Information provided:

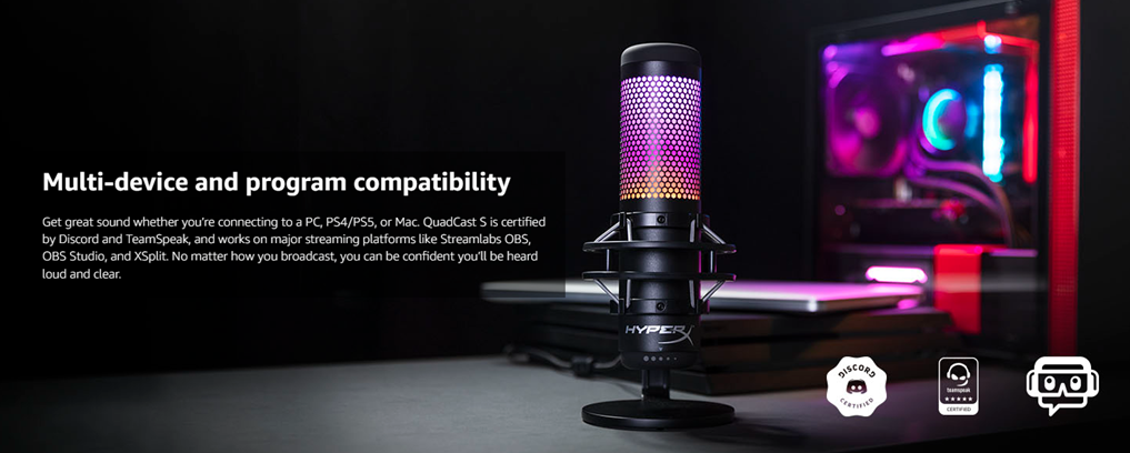 Multi-device and program compatibility: Get great sound whether you’re connecting to a PC, PS4, or Mac. QuadCast S is certified by Discord and TeamSpeak, and works on major streaming platforms like Streamlabs OBS, OBS Studio, and XSplit.
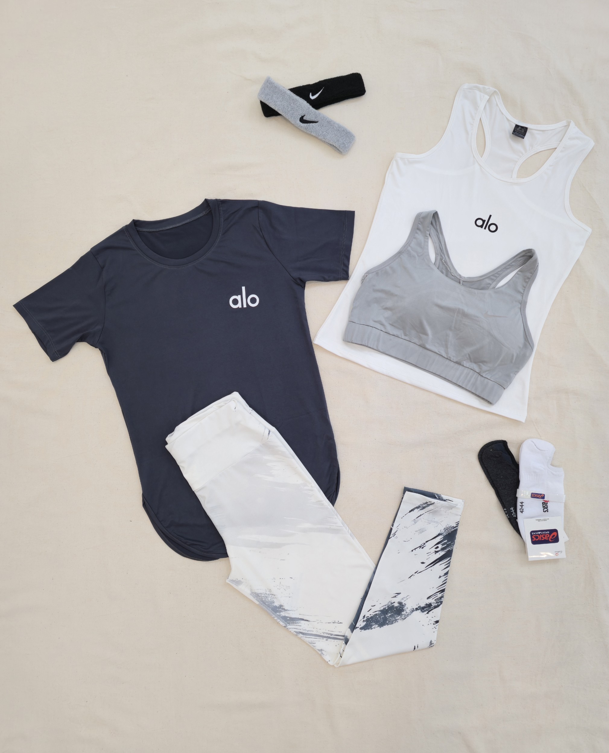 لباس ورزشی زنانه سایز ۳۶ الی ۴۲ | ۶ تکه اقتصادی | نیمتنه، لگ ، بلوز آستین بلند ، تاپ ، تیشرت ، جوراب ، هدبند |
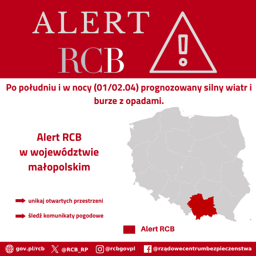 "UWAGA! Dziś po południu i w nocy (01/02.04) prognozowany silny wiatr i burze z opadami. Możliwe wyłączenia prądu. Unikaj otwartych przestrzeni". SMS z ostrzeżeniem został wysłany do odbiorców na terenie województwa małopolskiego.
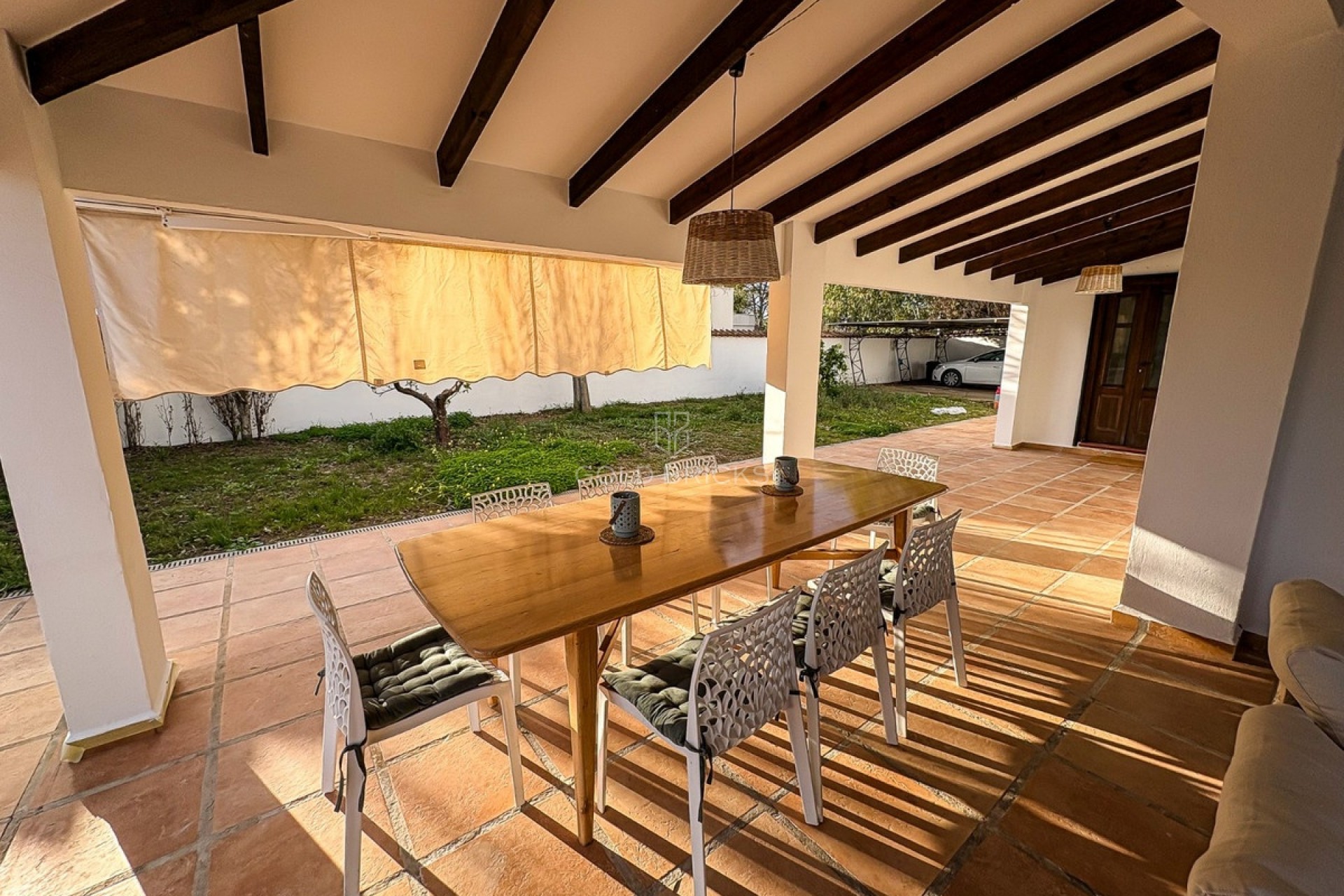 Architectonisch gezien weerspiegelt de villa de essentie van de Middellandse Zee: een witte gevel , vloeiende lijnen , zichtbare balken en een zorgvuldig geselecteerde collectie designmeubelen die het karakter ervan benadrukt. Het is een ideale woning voor liefhebbers van houten architectuur, handgemaakte details en ingetogen luxe .

What the task asks:
Return, exactly as they stand, all of the lines above, but not the pictures.

Exercise answer:
 Multi-device and program compatibility: Get great sound whether you’re connecting to a PC, PS4, or Mac. QuadCast S is certified by Discord and TeamSpeak, and works on major streaming platforms like Streamlabs OBS, OBS Studio, and XSplit.
 لباس ورزشی زنانه سایز ۳۶ الی ۴۲ | ۶ تکه اقتصادی | نیمتنه، لگ ، بلوز آستین بلند ، تاپ ، تیشرت ، جوراب ، هدبند |
 "UWAGA! Dziś po południu i w nocy (01/02.04) prognozowany silny wiatr i burze z opadami. Możliwe wyłączenia prądu. Unikaj otwartych przestrzeni". SMS z ostrzeżeniem został wysłany do odbiorców na terenie województwa małopolskiego.
 Architectonisch gezien weerspiegelt de villa de essentie van de Middellandse Zee: een witte gevel , vloeiende lijnen , zichtbare balken en een zorgvuldig geselecteerde collectie designmeubelen die het karakter ervan benadrukt. Het is een ideale woning voor liefhebbers van houten architectuur, handgemaakte details en ingetogen luxe .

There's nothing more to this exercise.